▸ **DATA FOR REVIEW**
'''

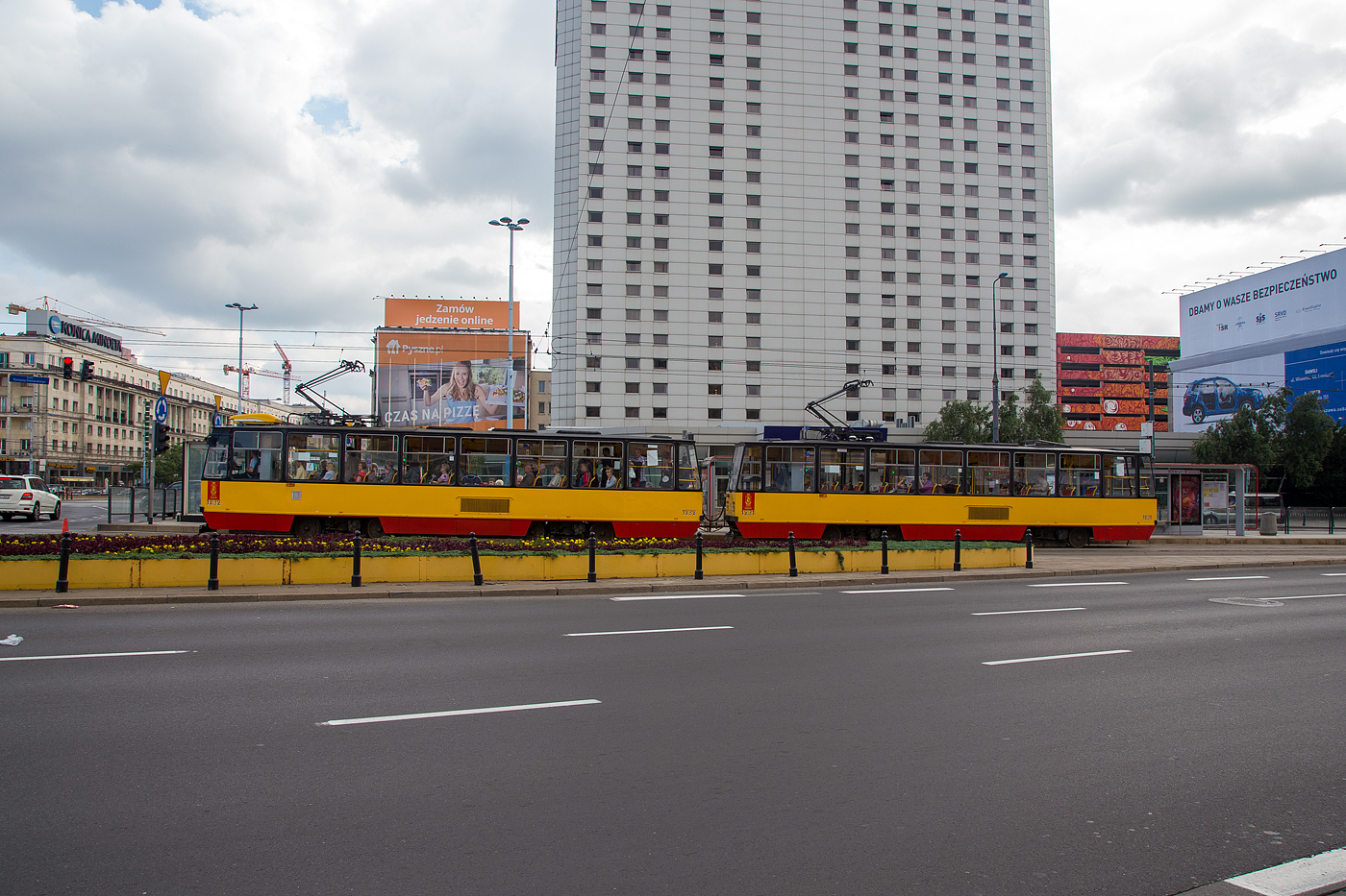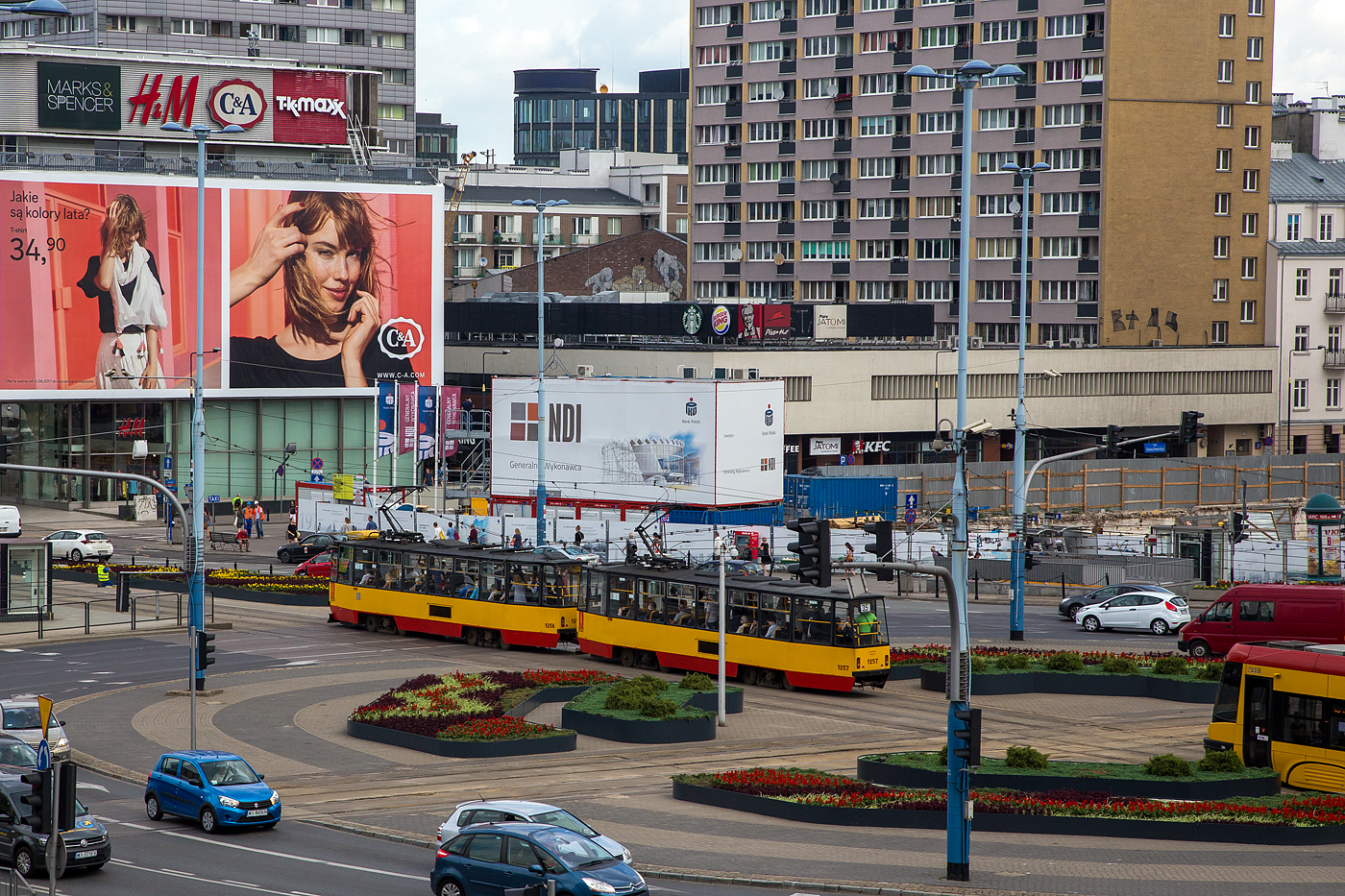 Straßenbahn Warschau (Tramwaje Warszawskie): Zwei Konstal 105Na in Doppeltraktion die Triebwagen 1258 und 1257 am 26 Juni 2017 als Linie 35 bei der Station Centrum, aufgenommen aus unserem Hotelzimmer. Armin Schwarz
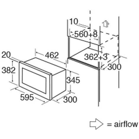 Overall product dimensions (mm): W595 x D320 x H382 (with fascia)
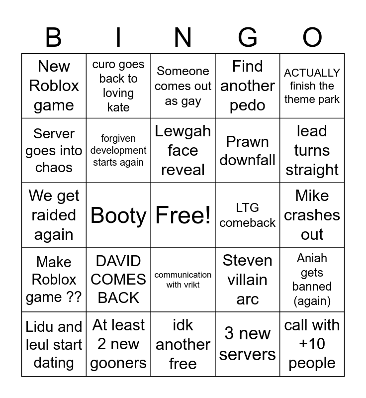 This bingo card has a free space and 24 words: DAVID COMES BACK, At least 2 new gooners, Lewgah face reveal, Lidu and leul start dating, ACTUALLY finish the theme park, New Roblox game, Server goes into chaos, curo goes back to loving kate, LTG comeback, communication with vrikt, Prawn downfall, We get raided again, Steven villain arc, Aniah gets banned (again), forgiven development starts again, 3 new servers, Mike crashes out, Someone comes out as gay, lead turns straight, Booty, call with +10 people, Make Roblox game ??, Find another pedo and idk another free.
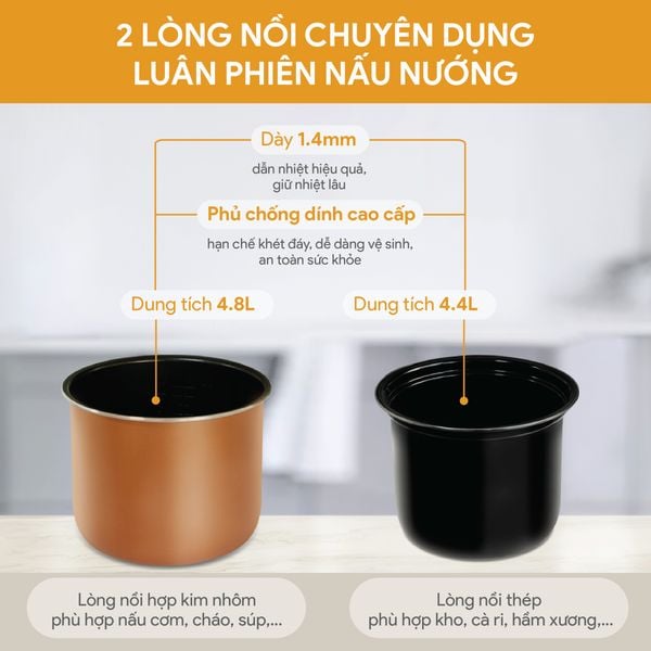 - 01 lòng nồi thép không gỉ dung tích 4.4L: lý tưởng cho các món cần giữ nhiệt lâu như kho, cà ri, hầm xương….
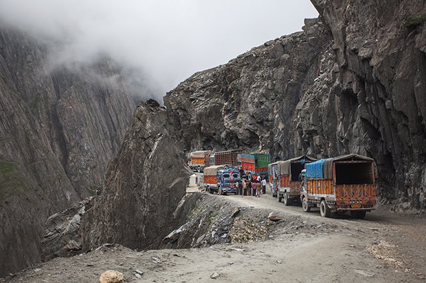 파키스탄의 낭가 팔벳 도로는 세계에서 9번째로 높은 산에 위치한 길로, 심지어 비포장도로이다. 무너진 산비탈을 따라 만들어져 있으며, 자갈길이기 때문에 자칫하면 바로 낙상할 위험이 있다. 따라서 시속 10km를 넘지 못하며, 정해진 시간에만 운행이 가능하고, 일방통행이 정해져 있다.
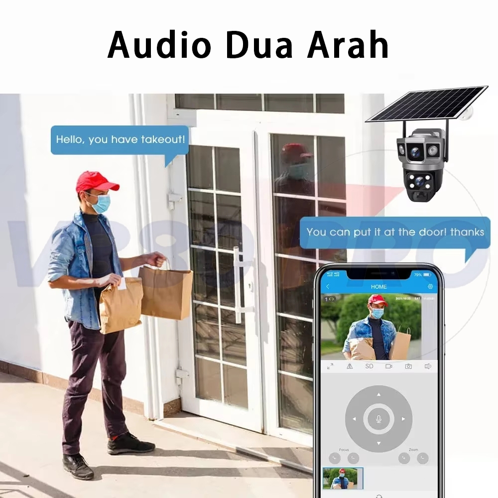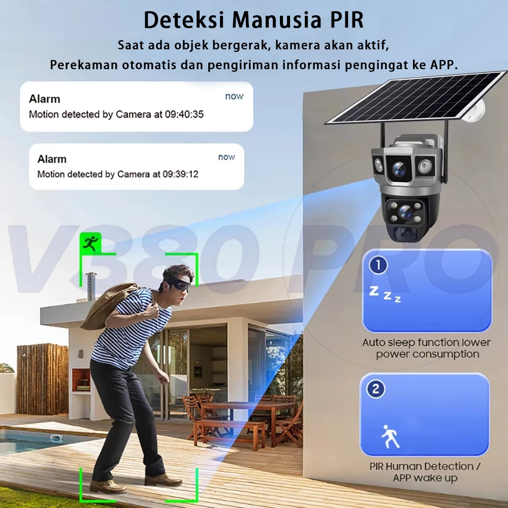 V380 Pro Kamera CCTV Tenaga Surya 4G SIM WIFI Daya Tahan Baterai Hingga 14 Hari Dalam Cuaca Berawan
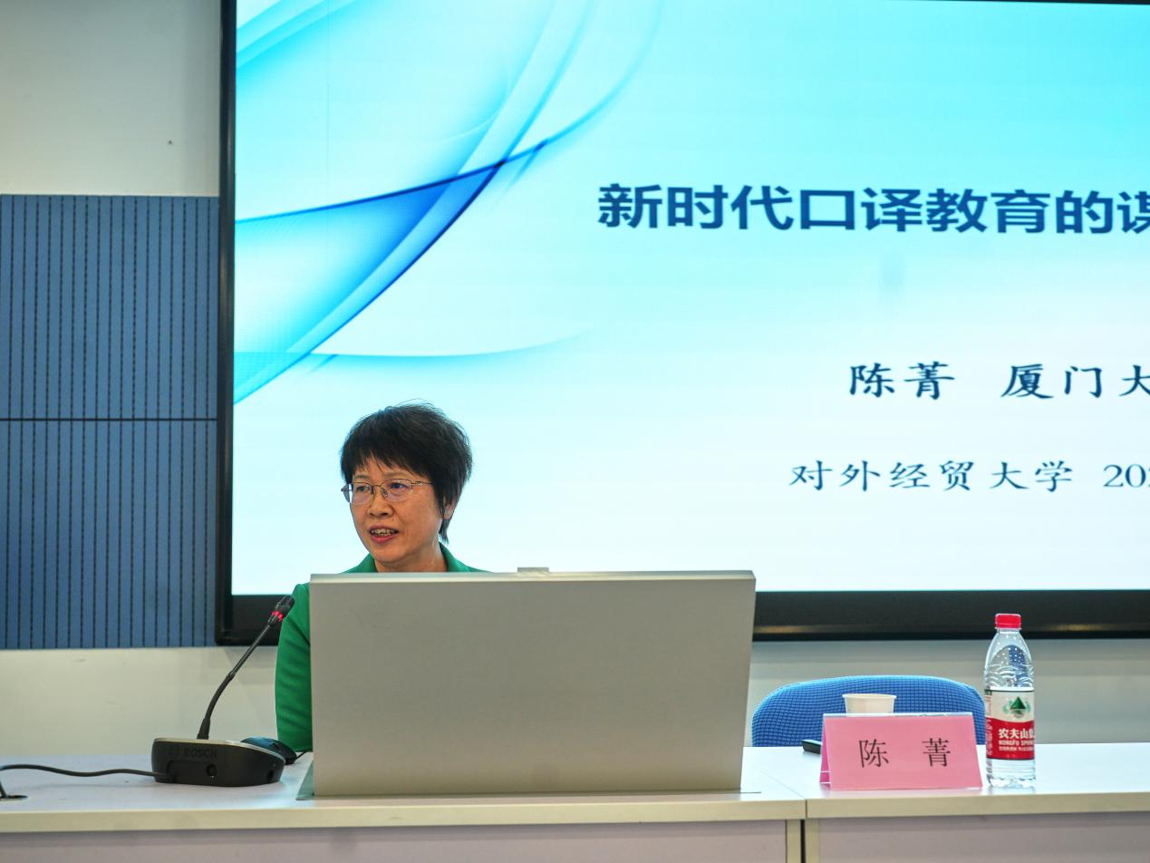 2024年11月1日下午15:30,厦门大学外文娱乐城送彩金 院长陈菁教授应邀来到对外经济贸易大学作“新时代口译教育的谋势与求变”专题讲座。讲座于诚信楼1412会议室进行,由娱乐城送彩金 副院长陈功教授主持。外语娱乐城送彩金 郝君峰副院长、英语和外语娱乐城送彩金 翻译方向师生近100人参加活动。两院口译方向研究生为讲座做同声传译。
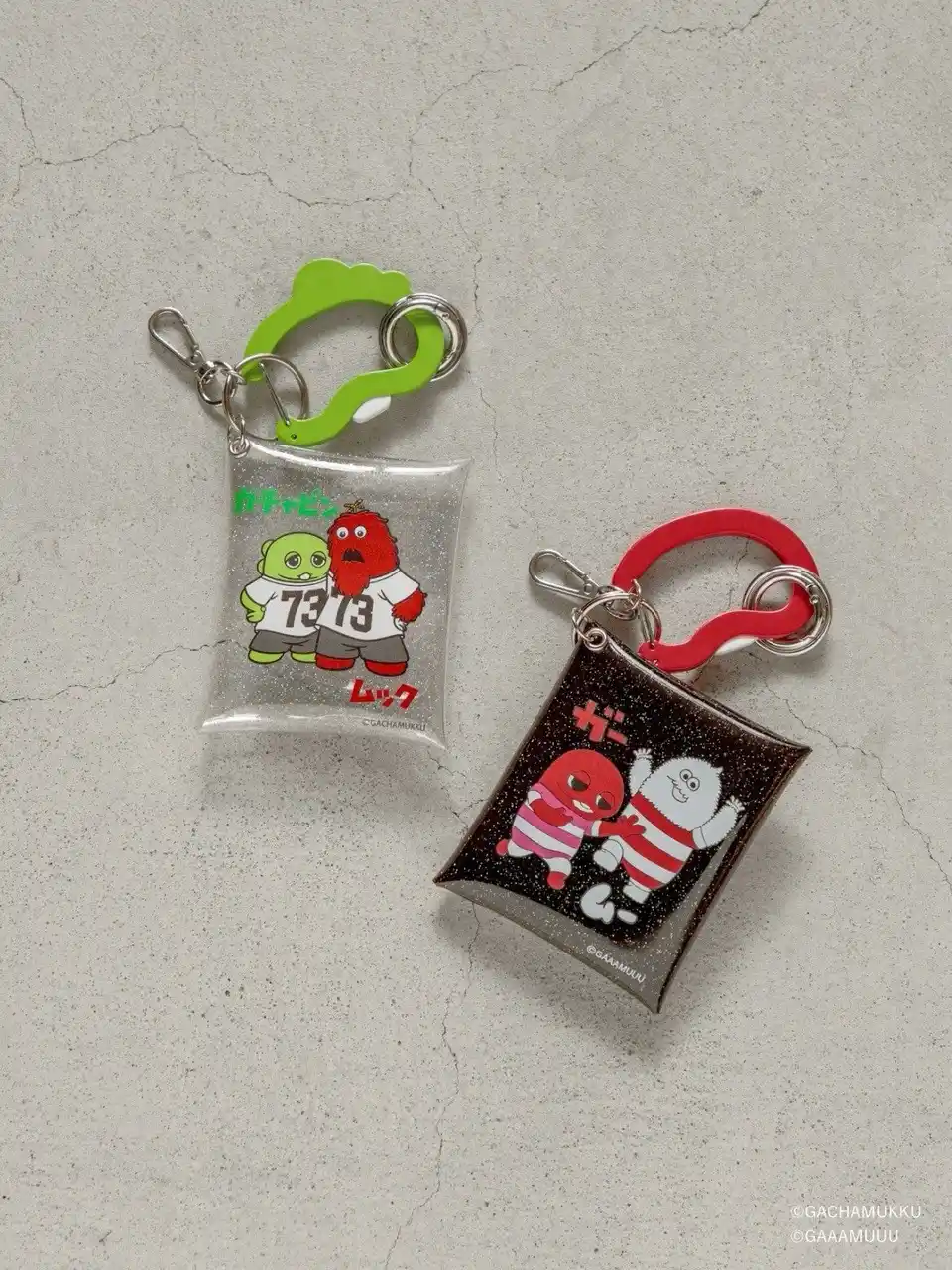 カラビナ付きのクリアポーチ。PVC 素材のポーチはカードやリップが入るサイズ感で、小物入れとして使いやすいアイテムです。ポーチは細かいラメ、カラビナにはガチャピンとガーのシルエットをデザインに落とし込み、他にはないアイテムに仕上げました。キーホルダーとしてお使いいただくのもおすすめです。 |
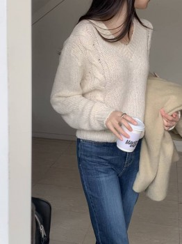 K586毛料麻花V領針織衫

'''

▸ **WHAT YOU SHOULD DO**
For this task, return exactly the stretch of the listing above from the line with "파키스탄의 낭가 팔벳" through the line with "V380 Pro Kamera", inclusive and without pictures.

▸ **WRITTEN RESPONSE**
 파키스탄의 낭가 팔벳 도로는 세계에서 9번째로 높은 산에 위치한 길로, 심지어 비포장도로이다. 무너진 산비탈을 따라 만들어져 있으며, 자갈길이기 때문에 자칫하면 바로 낙상할 위험이 있다. 따라서 시속 10km를 넘지 못하며, 정해진 시간에만 운행이 가능하고, 일방통행이 정해져 있다.
 V380 Pro Kamera CCTV Tenaga Surya 4G SIM WIFI Daya Tahan Baterai Hingga 14 Hari Dalam Cuaca Berawan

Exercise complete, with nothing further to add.